Ein Verfassungsvertrag gibt den Nationalstaaten eine dauerhafte Bestandsgarantie. Sie bleiben die entscheidenden Träger der Kompetenzverteilung. Gleichzeitig bin ich davon überzeugt, dass die Staatlichkeit der EU, etwa im wichtigen Feld der Außen-und Sicherheitspolitik, zunehmen wird.
Deshalb müssen wir uns im Hinblick auf den Verfassungsvertrag auch der Aufgabe stellen, tabulos darüber zu diskutieren, wie die Strukturen der Europäischen Union demokratisch organisiert werden müssen.
Meine Vision von der Zukunft Europas ist eine demokratischere, effizientere und transparentere EU.
Dabei aber müssen wir vor allem für Eines sorgen: Der zunehmenden Staatlichkeit der Europäischen Union müssen wir steigende Einflussmöglichkeiten für die Bürger zur Seite stellen.
Grundprinzip jeder Demokratie ist, dass die Wähler über die Wahl und Abwahl ihrer Regierung den politischen Kurs bestimmen und ihre Zufriedenheit oder Unzufriedenheit so zum Ausdruck bringen. Der EU gegenüber aber empfinden sich viele Menschen als ohnmächtig, denn die Mehrheit der sozialistischen Regierungen im Europäischen Rat der Staats-und Regierungschefs hat gegen das Votum der Bürger bei der Europawahl im Juni 1999 eine sozialistische Mehrheit in der Europäischen Kommission durchgesetzt. Wir sollten den Bürgern dieses demokratische Grundrecht, durch Wahlen den politischen Kurs zu bestimmen, auch auf europäischer Ebene geben.
Knüpfen wir also die Legitimationskette vom europäischen Bürger aus neu! Die Regierungskonferenz2004 sollte beschließen, dass das von den Bürgern direkt gewählte Europäische Parlament den Kommissionspräsidenten wählen kann und nicht nur einen Vorschlag der Regierungschefs bestätigen darf.
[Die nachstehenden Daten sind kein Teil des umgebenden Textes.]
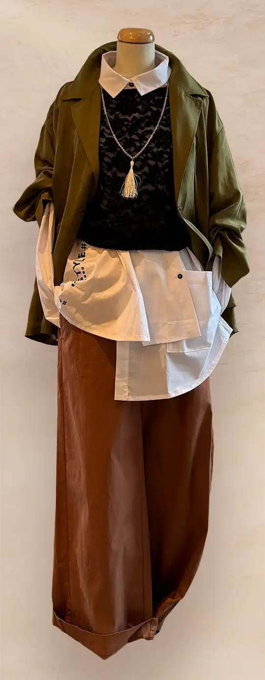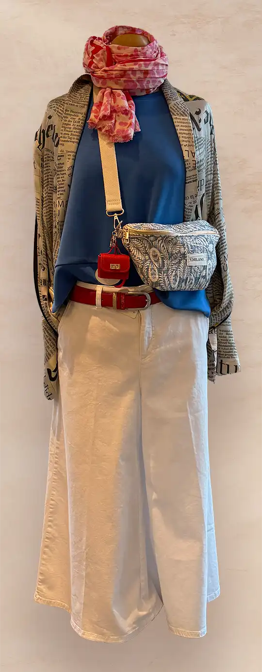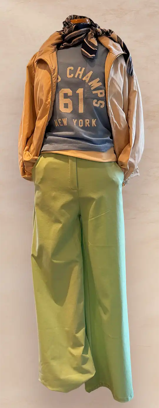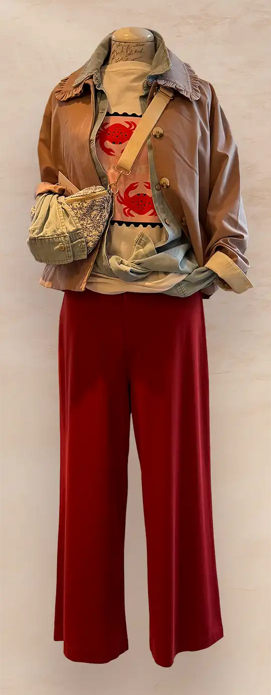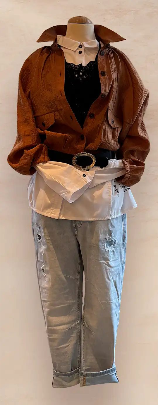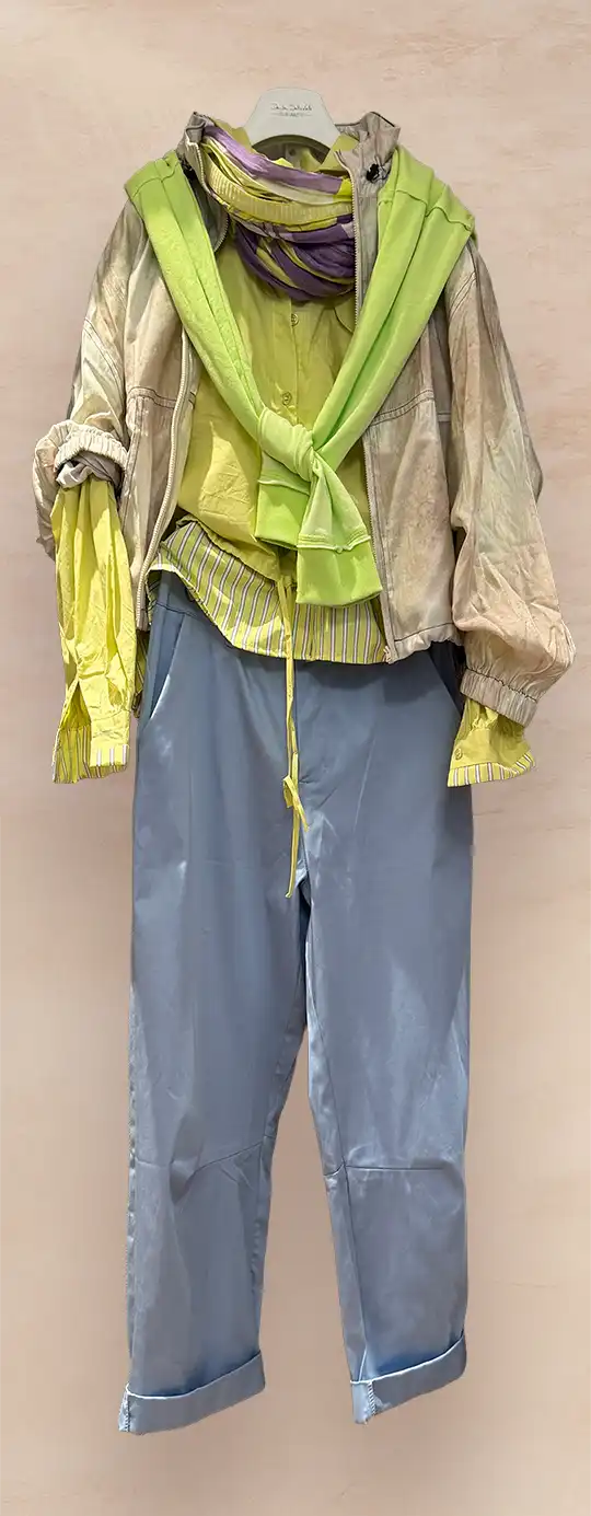 In Sachen Oberteile lautet das Motto Volumen und Komfort. Blusen-Shirts-Sweater werden mit Volumen getragen. Weite Schnitte, fließende Stoffe und spannende Details sorgen für eine moderne Silhouette und ein angenehmes Tragegefühl. Insgesamt steht die Saison für Individualität, Kombinationsfreude und einen entspannten, aber stilvollen Auftritt – Mode, die Spaß macht und Raum für Persönlichkeit lässt.

Auch die übrigen Mitglieder der Europäischen Kommission sollten nicht länger von den Regierungen der Mitgliedstaaten entsandt, sondern vom Kommissionspräsidenten ausgesucht werden.
Ferner müssen wir in der EU Legislative und Exekutive wieder klar trennen und wichtige Entscheidungsprozesse nicht in einem Dschungel von Hunderten und Aberhunderten von Ausschüssen versickern lassen.
Wenn wir dies weiter denken, bekommt die EU auch endlich eine wirksame Außenvertretung. Zur Zeit streiten sich der halbjährlich wechselnde Ratsvorsitzende, der zuständige EU-Außen-Kommissar und der Hohe Vertreter für die Gemeinsame Außen-und Sicherheitspolitik darum, wer welche Aufgabe wahrnehmen darf. Dass das eine Methode ist, um dramatische Effizienzverluste zu erzeugen, ist offensichtlich. Hier müssen wir rasch Fortschritte machen, damit wir Europäer den selbst gesteckten Zielen einer gleichgewichtigeren transatlantischen Partnerschaft gerecht werden können.
Ich weiß: Die Beharrungskräfte werden groß sein. Das ist immer so, wenn es um wirkliche Neuerungen geht. Aber: Europa ist die Wiege der Demokratie. Daran müssen wir all jene erinnern, die sich den nötigen Reformen der Europäischen Union entziehen wollen. Und ich plädiere dafür, dass gerade die Europäische Volkspartei und ihre Mitgliedsparteien mit Engagement und Kompetenz ihr Gewicht in die Waagschale werfen, damit wir das bedeutende Ziel einer vollen Demokratisierung der EU durch einen europäischen Verfassungsvertrag möglichst schnell erreichen.